All that said, I’m sorry that I have no good advice for you. What’s your type? Okay, I got some advice! If you put yourself out there letting people know exactly what you want and what you are about(be honest), maybe that will bring in one or two. But you must be absolutely honest. How’s that? I’m trying!
m.

Bonda84 September 7, 2011, 4:18 PM

These things would get to me too…especially when they seem to be on constant repeat from people. Lately I think the one comment that has been made was by my Mom. I’ve been talking to her about things with Zac (my parents both know him very well) and she said “now if you two could have only figured this attraction thing out a long time ago you could have saved a lot of pain and trouble”. I know she meant it in a lighthearted way, but it irked me. If the time would have been right back then it would have happeded, but it didn’t, it’s happening now and I can’t nor would I change it. I think we all have those loved ones and friends that have foot in mouth disease and don’t always realize it. Keep on keeping on the way you are!! You are an intelligent, funny, gorgeous woman and someday you will be standing in the right place at the right time and look into that pair of eyes that were made just for you and you will begin your happily ever after.

EmilyinNYC September 7, 2011, 4:25 PM

I agree with Nicole — your tone is fine. I’ve had people say all of these things to me before, and no matter what their intention is, it always hurts. People either don’t know, or seem to forget, how hard it is to find a mate. When it finally happens it seems easy, but it’s so hard to imagine when you’re smack in the middle of your search.

As far as being picky — it’s called having standards, people!!! No one should have to date crusty horse penis guy.

Sarshie September 7, 2011, 4:40 PM

How about “I just don’t understand why you’re single! You’re such a great gal!” — While this is probably meant to be a compliment, it often makes me feel insecure. Like apparently all the eligible men find something about me repulsive that my close friends and coworkers do not see.

(FL) Girl with a New Life September 7, 2011, 7:36 PM

Ha! I was holding my breath hoping I didn’t make it on this list. πŸ˜‰

I am sure I got all of this advice–I was a single hold on for a long time.

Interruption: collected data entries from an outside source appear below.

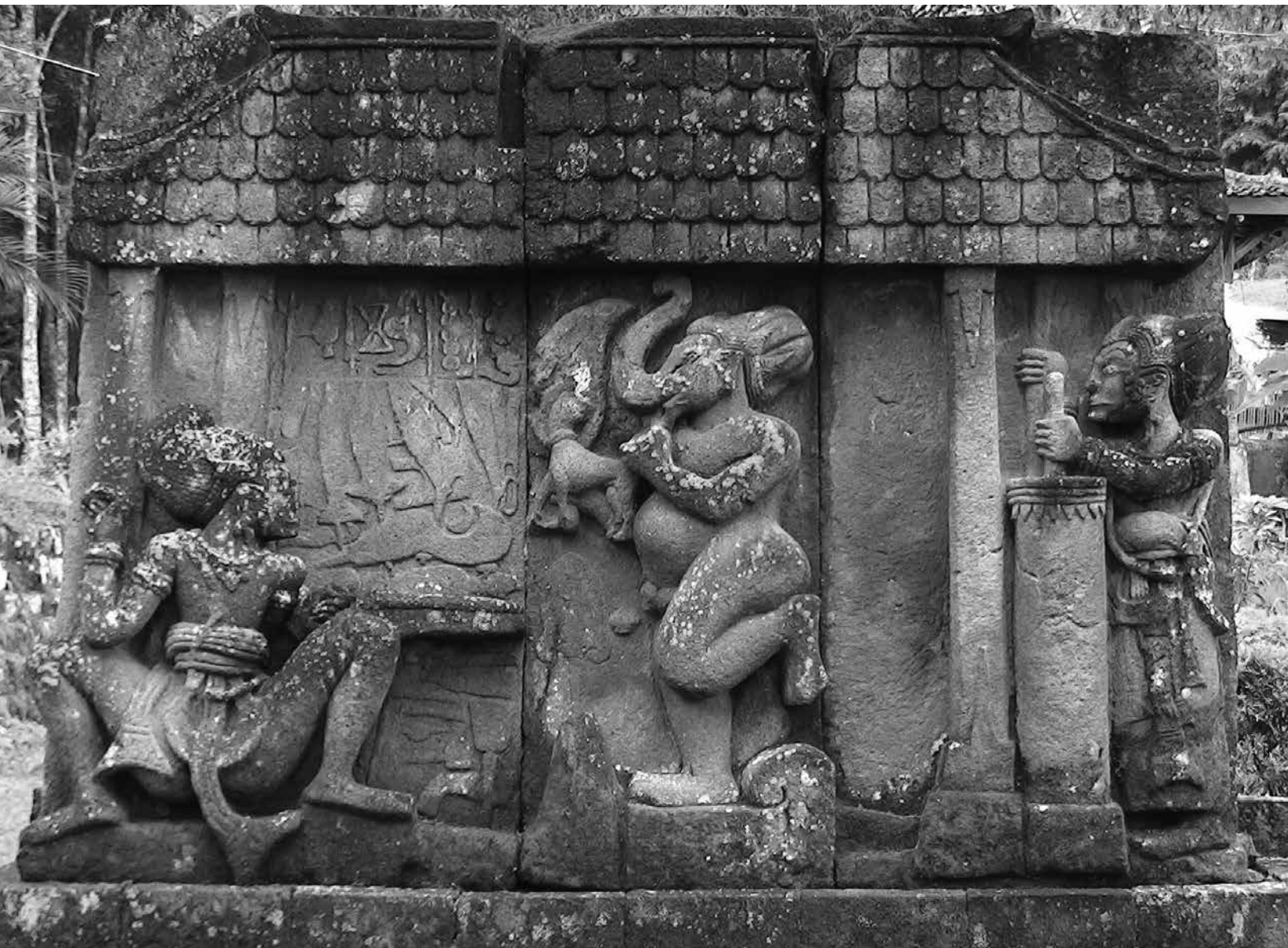
Penempatan keris dan perkakas dari besi pada relief Candi Sukuh.
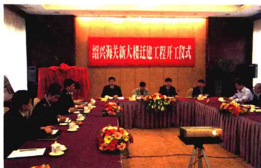
2011年4月，绍兴海关新大楼迁建工程开工仪式
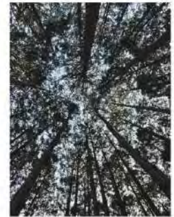
白米城の裾にて 檜林を見上げたら 松阪市小野町 まつつあかのばあちゃんさん
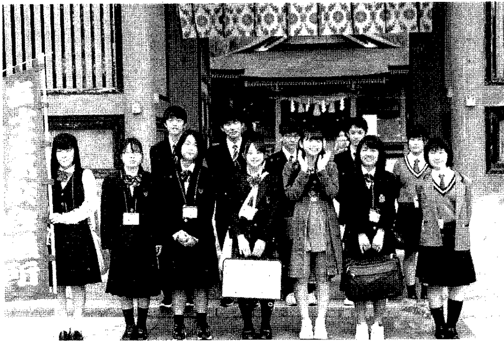
山門前で記念撮影
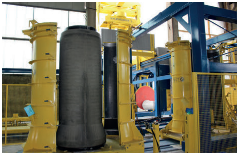
Робот с универсальным захватом для труб всех диаметров осторожно поднимает изделие за сердечник
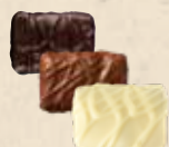
CASALEO Praliné au riz soufflé
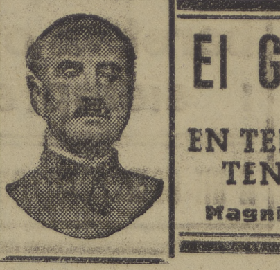
LO DE TERUEL

"MADAME X" Aviso a su distinguida clientela que puede servir FAJAS Granada, 27 - Málaga
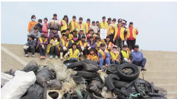
▲外埔漁港淨灘活動清理出來的大型垃圾。

精心策劃了主題多元、內容豐富宣導攤位，包括保林愛林、外來種入侵防治、治山林道永續環境、生態保育、環境教育推廣等內容，一一秀給大家。同日另一場外埔漁港淨灘活動，係由新竹處也與苗栗縣後龍鎮公所合力辦理，由後龍鎮公所動員轄下 17 個環保義工隊熱情參與，此場活動除了針對海灘卵石區域進行垃圾撿拾外，也針對海岸線周邊保安林區域進行環境清潔。104 年 3 月 22 日，兩地千人同步守護海岸線活動圓滿成功，是日清理出來垃圾量一般廢棄物高達 8 公噸、資源回收物約 4.5 公噸，除了用行動 HOLD 住海洋外，也為西海岸減塑，加綠。（新竹林區管理處 黃婉如）
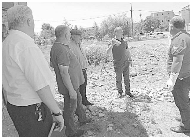
Выясняются причины придорожной полосы

Селение Михайловское находится недалеко от г. Владикавказа, но оно ничем особенным не отличается от других населенных пунктов Пригородного района. Проживает здесь свыше 10 тысяч человек. Социально-бытовые условия, жилищные проблемы такие же, как и в других селах. Это - уличное освещение, оборот твердых коммунальных отходов, благоустройство общественных зон, строительство и ремонт дорог, водоснабжение, доступность медицинских услуг и другие. И решаются эти вопросы в непрерывном режиме. Подтверждением тому очередной факт.
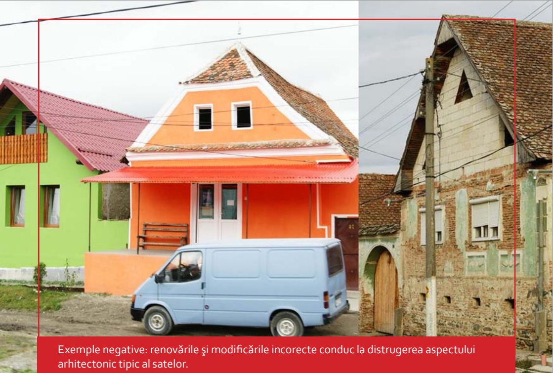
Exemple negative: renovările și modificările incorecte conduc la distrugerea aspectului arhitectonic tipic al satelor.

(Înlocuirea sau reconstruirea ferestrelor, obloanelor, ușilor, porților, fațadelor, acoperișurilor) și mai puțin prin construcții noi. Odată cu creșterea venitului, cu îmbunătățirea posibilităților de transport și mai ales cu accesibilitatea tot mai accentuată a materialelor de construcție de la lanțurile de supermagazine specializate deschise în tot mai multe orașe, procesul de schimbare a devenit neașteptat de rapid. Motivele sunt diverse: de la dorința sinceră de modernizare până la încercarea de a afecta un statut social urban. O altă cauză este dată de numărul mare de săteni din sudul Transilvaniei care lucrează ca muncitori sezonieri în țările UE, care, cu banii câștigați, cu experiența acumulată acolo și cu impresiile căpătate în urma contactului cu modul de construire occidental, introduc în satele lor de origine un amestec de stiluri constructive și decorative care nu au nimic în comun cu arhitectura tradițională a zonei. Se poate prevedea că în special satele aflate de-a lungul șoselelor națio-
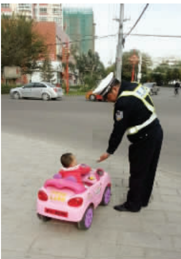
05 这位警察叔叔也很机智,一大早就抓获了一名交通违法的驾驶人。
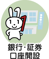
銀行・証券 口座開設
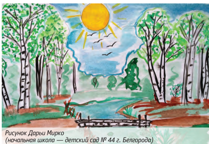
Рисунок Дарьи Мирко (начальная школа — детский сад № 44 г. Белгорода)
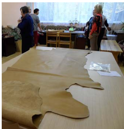
Ādiņas darbam sagatvotas.

Meistarēm līdzī viss nepieciešamais prāvam mācāmo pulkam – naži, šķēres,
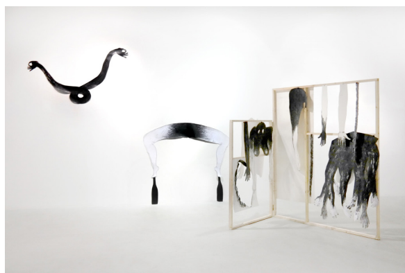
Katrin Ströbel, How to dance on ruins , 2025, ensemble de dessins découpés How to (ghost and phantoms) , 2025, installation, bois, graphite sur papier
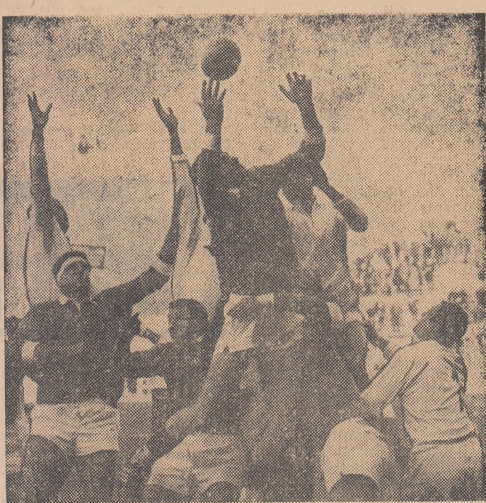
Fază din ultima întâlnire Franța — România, 10 decembrie 1967 la Nantes (în alb jucătorii români)

Iată-ne ajunși în ultimele zile, ceasuri chiar, premergătoare celei de a 16-a confruntări dintre reprezentativele de rugby ale României și Franței. Importanța evenimentului pentru sportul cu balon oval din țara noastră aproape că nu mai are nevoie de argumentare. Este știut că, de mai bine de 10 ani, fiecare asemenea partidă reprezintă momentul adevărului pentru rugbyul românesc. Este știut că nu numai tradiția prietenească, ci și valoarea mondială a purtătorilor ecușonului cu cocoșul galic au făcut ca meciul să constituie, în fiecare an, o sărbătoare, pe care reprezentanții rugbyului românesc se străduiesc să o întindă printre-o cifră mai bună pregătire. Unele ediții au adus mari satisfacții, prin rezultate care au întărit substanțial prestigiul sportului românesc. Le-au adus chiar și după câteva jocuri în care, deși învinși, sportivii noștri au pășit terenul cu fruntea sus, la capătul unei partide în care se arătaseră demni de orice adversari. În care dovediseră că știu să joace rugby. Face, oare, ediția din acest an a meciului România-Franța excepție din vreun punct de vedere? Da, și anume, prin condițiile din ce în ce mai
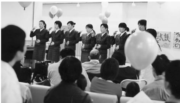
学生による手話コーラス

5月10日(土)に「看護の日」のイベントを開催しました。当日は晴天に恵まれ昨年を上回る約600名もの方々にご来院いただきました。今年ががんセンター1階の外来待合室を主な会場とし、毎回好評の身長・体重・体脂肪・血圧などの計測と健康相談・白衣の試着・バザーなどを行いました。また午後からは、新企画の「さわやかコンサート」を実施し、日立看護専門学校 1 の学生による手話コーラス、おおぞら学童クラブによる和太鼓、当院医師によるフルート・チェロ・ピアノ三重奏を楽しんでいただきました。もりだくさん
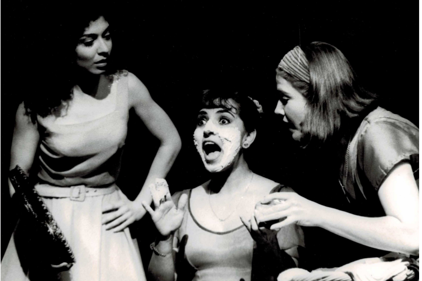
“Confesiones de mujeres de 30” Dirección Lía Jelín.

Cuando nos vamos, no nos llevamos nuestros éxitos o fracasos, nos llevamos el aprendizaje que nos dejó el caminar hacia ahí. Nos llevamos la maestría con la que sorteamos los obstáculos, y nuestro legado será la cualidad humana con la que compartimos ese tránsito.
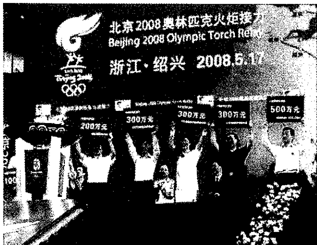
绍兴企业界在北京奥运圣火传递仪式上向地震灾区捐款

【为汶川地震灾区捐款 51453.02 万元】 “5·12”汶川特大地震发生后,市慈善总会在第一时间启动紧急预案,发出倡议书,倡导社会各界踊跃捐款、奉献爱心,共接收赈灾捐款 2518.98 万元(含利息 60696.20 元)。根据市政府和上级部门统一部署,所收捐款分 12 批次拨付地震灾区,用于购买救灾物资和灾后恢复重建。11 月份,市慈善总会又组织开展“送温暖、献爱心——向汶川地震灾区捐赠衣被活动”,共接收捐款 48945 元,已全部用于为地震灾区购买冬衣被。全市共有 587 个单位和个人分别被省慈善总会授予“慈善突出贡献奖”、“慈善贡献奖”和“慈善爱心奖”。(任建亚)

@ms_jones74 September 7, 2011, 9:09 PM

Sex with no strings is almost never sex with no strings, on our end.

I have actually walked away from, “GOD I just don’t know how you single girls do it! Thank GOD I am married/have been married since the beginning of time. It’s just so ROUGH out there, I mean, MY GOD.”

Thanks. I just… thanks.

I’ve come to realize that coupled people begin to feel like they no longer have things in common with you, like you two never liked the same movies or the same restaurants or had the same gripes about life before they met their smoochiewoochiepoo. I think they feel uncomfortable and they want you to have this one huge thing in common with them again and they want to do everything they can to “fix your problem.”
The only problem is… this isn’t a problem. So it can’t be fixed. It just IS, and we live around it, just like they live around their “IS”.

Maria September 7, 2011, 11:59 PM

When I was single, I couldn’t stand when people would say… “You’re such a sweet girl. I can’t believe you don’t have a boyfriend.” What they really wanted to say is… “what is wrong with you?” I also hated people trying to set me up with their brothers, or friends, or cousins, etc.., then get “mad” or pushy if you refuse. I know they meant well, but it felt more like pity. And the thing I couldn’t stand the most was when people would say how awesome, sweet, and just amazing their mates were right in front of you. Bragging about their relationships knowing full well you were not in one and you didn’t know what you were missing. It was not so much about jealously, but frustration about how insensitive people in couples can be sometimes.

Sandra September 8, 2011, 1:35 AM

I had to laugh at the “not hanging out where all the men are secretly hiding”…I have this vision of men hiding behind magazines and under tables…I wish most of them would stay hidden, but then again I’m a jadded married woman. You can still find a man who doesn’t fall asleep on the couch at 10pm…or maybe mine isn’t actually sleeping, only hiding…hmmmm….there’s a theory…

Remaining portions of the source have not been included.